Brian Poole (born October 20, 1992) is an American former professional football player who was a cornerback in the National Football League (NFL). He played college football for the Florida Gators and signed with the Atlanta Falcons as an undrafted free agent in 2016.

==Early life==
Poole attended Southeast High School in Bradenton, Florida and graduated in 2012. He played for the football team. He was recruited by the University of Florida, where he committed to play under new head coach Will Muschamp.

==College career==
Poole played college football for the Gators from 2012 to 2015. In the 2012 season, he recorded three total tackles. In the 2013 season, he recorded 32 total tackles, two tackles-for-loss, two interceptions, and three passes defended. In the 2014 season, he recorded 45 total tackles, three tackles-for-loss, four interceptions, two forced fumbles, and one fumble recovery. In the 2015 season, he recorded 40 total tackles, 1.5 tackles-for-loss, .5 sacks, five forced fumbles, and one fumble recovery.

==Professional career==

Pre-draft measurables
| Height | Weight | Arm length | Hand span | 40-yard dash | 10-yard split | 20-yard split | 20-yard shuttle | Three-cone drill | Vertical jump | Broad jump |
| 5 ft 9+5⁄8 in (1.77 m) | 209 lb (95 kg) | 31 in (0.79 m) | 9+1⁄4 in (0.23 m) | 4.50 s | 1.54 s | 2.57 s | 4.43 s | 7.14 s | 29 in (0.74 m) | 9 ft 4 in (2.84 m) |
All values from Florida Gators Pro Day

===Atlanta Falcons===
On May 5, 2016, the Atlanta Falcons signed Poole as an undrafted free agent on a three-year, $1.62 million contract that includes a signing bonus of $3,500. Poole received offers from multiple teams, including the Los Angeles Rams, Pittsburgh Steelers, and Arizona Cardinals. He chose to sign with Atlanta Falcons due to his past relationship with head coach Dan Quinn, who recruited Poole to Florida and was his defensive coordinator there.

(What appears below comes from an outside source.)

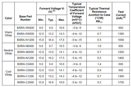 假定對LED以Io恒流供電,在結(jié)溫為T1時,電壓為V1,而當(dāng)結(jié)溫升高為T2時,整個伏安特性左移,電流Io不變,電壓變?yōu)閂2。這兩個電壓差被溫度去除,就可以得到其溫度系數(shù),以mV/oC表示。對于普通硅二極管,這個溫度系數(shù)大約為-2mV/oC。但是LED大多數(shù)不是用硅材料制成的,所以它的溫度系數(shù)也要另外去測定。幸好各家LED廠家的數(shù)據(jù)表中大多給出了它的溫度系數(shù)。例如對于Cree公司的XLamp7090XR-E大功率LED,其溫度系數(shù)為-4mV/oC。要比普通硅二極管大2倍。至于美國普瑞的陣列LED(BXRA)就給出了更為詳細的數(shù)據(jù)。

Throughout training camp, he competed for a roster spot against DeMarcus Van Dyke, Akeem King, C. J. Goodwin, David Mims, Devonte Johnson, and Jordan Sefon. He was named the third cornerback on the depth chart, behind Desmond Trufant and Robert Alford, and was also given nickel coverage duties.

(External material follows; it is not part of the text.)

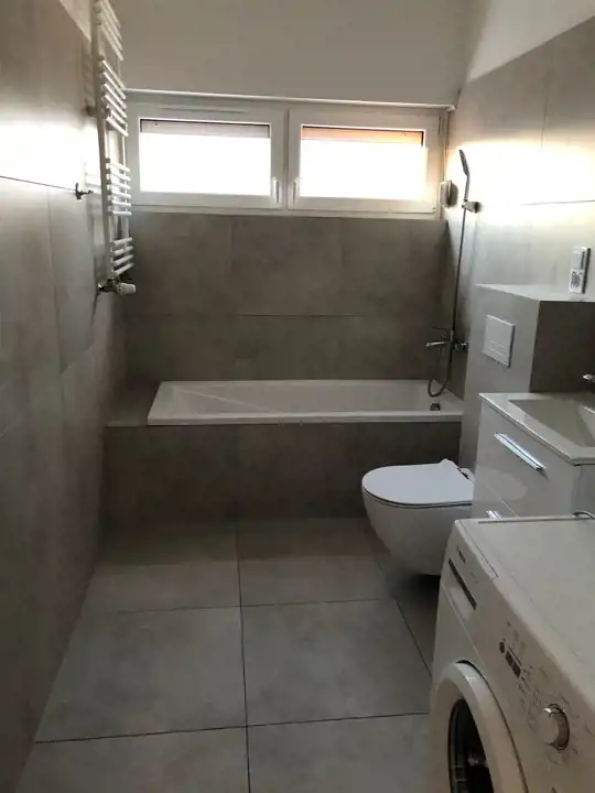 W kuchni nowe meble kuchenne oraz sprzęt AGD (płyta grzewcza, piekarnik elektryczny, okap, lodówka z zamrażalką, zlew z baterią). Łazienka w płytach, wanna, toaleta, umywalka z szafką.

He had his first career interception in Week 16 against the Carolina Panthers on quarterback Cam Newton. He played in all 16 games with nine starts as a rookie, recording 59 tackles, 10 passes defended, and one interception. In the postseason, he played in all three games, starting two, including Super Bowl LI, which the Falcons lost in overtime to the New England Patriots by a score of 34–28. In the Super Bowl, Poole had four total tackles.

In 2017, Poole played in 15 games with three starts as the Falcons' No. 3 cornerback, recording 63 tackles and four passes defended.

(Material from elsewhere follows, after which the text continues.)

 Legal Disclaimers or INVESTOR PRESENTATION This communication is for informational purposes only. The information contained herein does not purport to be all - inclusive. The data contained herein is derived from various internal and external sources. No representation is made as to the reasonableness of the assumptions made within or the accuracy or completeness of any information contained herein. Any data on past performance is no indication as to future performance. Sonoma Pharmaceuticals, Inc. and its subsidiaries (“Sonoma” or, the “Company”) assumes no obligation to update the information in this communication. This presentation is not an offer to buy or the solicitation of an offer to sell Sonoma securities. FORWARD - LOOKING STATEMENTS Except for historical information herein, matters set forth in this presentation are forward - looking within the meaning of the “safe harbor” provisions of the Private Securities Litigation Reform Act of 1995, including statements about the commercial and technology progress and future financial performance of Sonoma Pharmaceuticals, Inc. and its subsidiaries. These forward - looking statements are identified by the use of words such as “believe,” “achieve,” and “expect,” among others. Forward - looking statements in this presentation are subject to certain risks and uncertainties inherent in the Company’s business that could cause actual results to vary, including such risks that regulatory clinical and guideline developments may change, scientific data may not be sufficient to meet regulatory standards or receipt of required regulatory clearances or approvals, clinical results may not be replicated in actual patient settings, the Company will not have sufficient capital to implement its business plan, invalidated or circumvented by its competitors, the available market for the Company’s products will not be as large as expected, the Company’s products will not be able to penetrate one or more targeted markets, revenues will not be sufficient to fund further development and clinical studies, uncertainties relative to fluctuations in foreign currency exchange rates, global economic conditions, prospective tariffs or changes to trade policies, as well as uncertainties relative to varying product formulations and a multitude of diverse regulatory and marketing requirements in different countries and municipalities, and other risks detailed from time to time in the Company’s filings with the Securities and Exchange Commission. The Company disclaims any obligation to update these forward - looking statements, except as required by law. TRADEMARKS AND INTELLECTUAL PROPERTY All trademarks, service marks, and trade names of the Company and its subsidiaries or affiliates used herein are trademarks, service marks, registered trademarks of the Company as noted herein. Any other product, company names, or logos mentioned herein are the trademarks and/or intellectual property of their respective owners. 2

In 2018, Poole played in all 16 games with nine starts, he recorded career-highs in both interceptions and sacks, with three in both category.

===New York Jets===
On March 15, 2019, Poole signed a one-year, $3.5 million contract with the New York Jets. In week 12 against the Oakland Raiders, Poole recorded an interception off a pass thrown by Derek Carr and returned it for a 15 yard touchdown in the 34–3 win. In the 2019 season, he appeared in 14 games and started ten. He recorded 59 total tackles, one interception, five passes defensed, and one forced fumble.

On March 21, 2020, Poole re-signed with the Jets. He was placed on injured reserve on November 17, after suffering shoulder and knee injuries in Week 9. In the 2020 season, Poole appeared in nine games and started seven. He recorded one sack, 44 total tackles, two interceptions, and seven passes defended.

===New Orleans Saints===
On July 25, 2021, Poole signed a one-year contract with the New Orleans Saints. He was placed on injured reserve on August 24. Poole was released by New Orleans on October 12.

===New England Patriots===
On October 27, 2021, Poole was signed to the practice squad of the New England Patriots. He was released by the Patriots on November 9.

===Indianapolis Colts===
On November 22, 2021, Poole was signed to the Indianapolis Colts' practice squad.